Thursday, February 27, 2014

Book Review: Lola and the Boy Next Door

This selection for my young adult book club was one I had been wanting to read because I'd heard some buzz about Stephanie Perkins' debut novel, Anna and the French Kiss.  I usually like to read things in order, but I was assured that this novel, Lola and the Boy Next Door, was a stand-alone and it was. I did notice a character named Anna and saw the France connection, so I figured some of the back-story out in snippets. I don't think it will be a problem to read them out of order.

Although it is a standard formula - girl falls for boy next door - Stephanie Perkins did create interesting characters and a slightly heart-tugging story. Lola is quite a flamboyant teen, with her gay dads and her love of dressing in costume. Perhaps it was a bit over-the-top at times, because I'm guessing a daughter in that situation would try to deflect attention away from herself rather than constantly draw more eyes in. Max is the typical older boyfriend causing the parents concern. Her involvement with him is already sexual, which felt like an attempt to paint with a realistic brush for teens today, but also felt a bit unnecessary and dissatisfying to me (especially since Lola doesn't really have strong reasons for her affections for this older guy and isn't honest with him or anybody else for that matter). Cricket, on the other hand, is entirely charming. He is a well-dressed, tender, thoughtful young man who obviously cares deeply for Lola, despite a past heartbreak based on a misunderstanding. Add in the mix, Cricket's catty twin, Calliope (a tricky name to get behind), whose skating career takes all of the attention off her brilliant brother, and you've got a recipe for the tension so necessary in a good story.

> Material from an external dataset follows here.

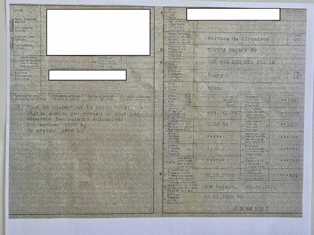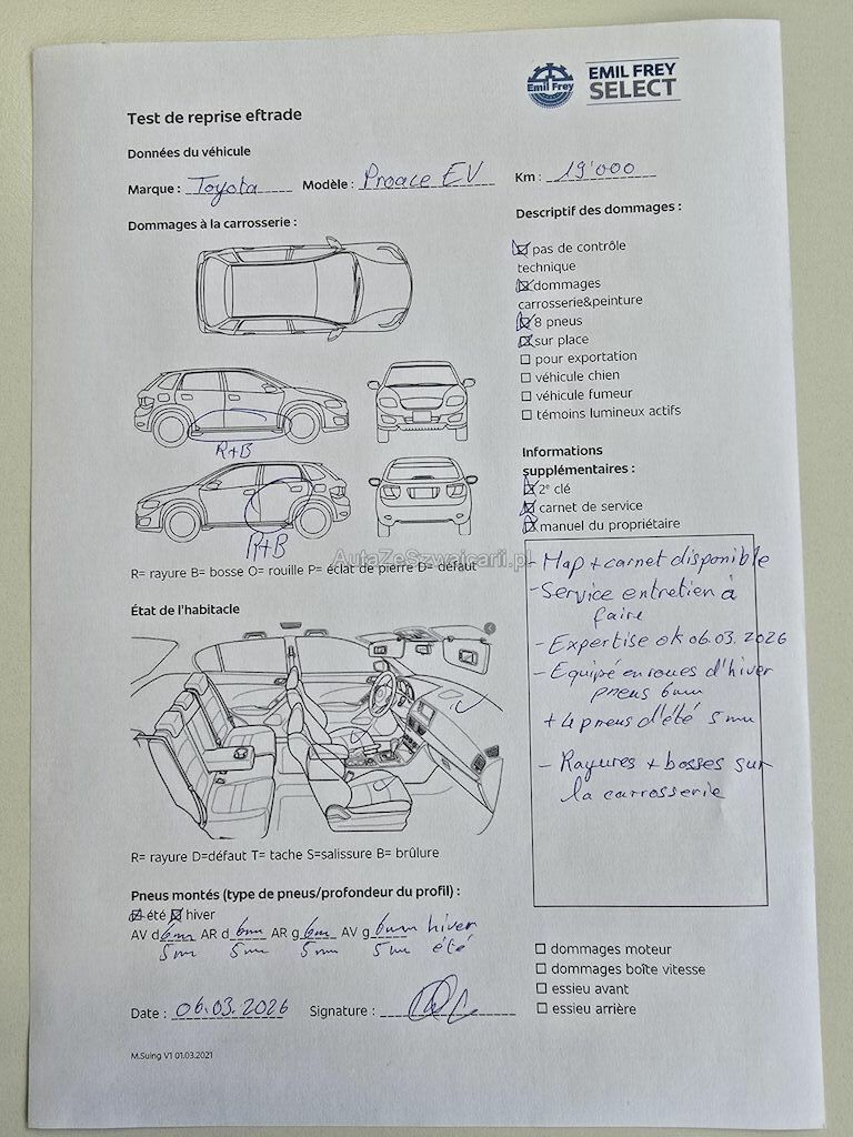 | Information | 2 clés Map + carnet disponible Service entretien à faire Expertise ok 06.03.2026 Equipé en roues d'hiver pneus 6 mm + 4 pneus d'été 5 mm Freins avant 70 % Freins arrière 70 % Rayures et bosses sur la carrosserie Pas de contrôle technique (essai en roues ) effectué |

The plot was quite predictable. After lengthy wavering, Lola comes to her senses and recognizes her true feelings for the boy next door. He comes through in a pinch and takes her to the winter formal, where she makes a grand entrance in her hand-made Marie Antoinette costume (worn with buckled platform combat boots???). The writing was smooth and the dialogue rang true (without resorting to the distraction of constant curses - thankfully - as so many other authors do in attempting to provide realistic teen fiction). It was a very readable book. Perhaps not my favorite YA read this year, but it should provide for interesting discussion. After looking over several Amazon reviews, it seems many readers prefer her first book over this second one. I'll have to put that on my to-read list.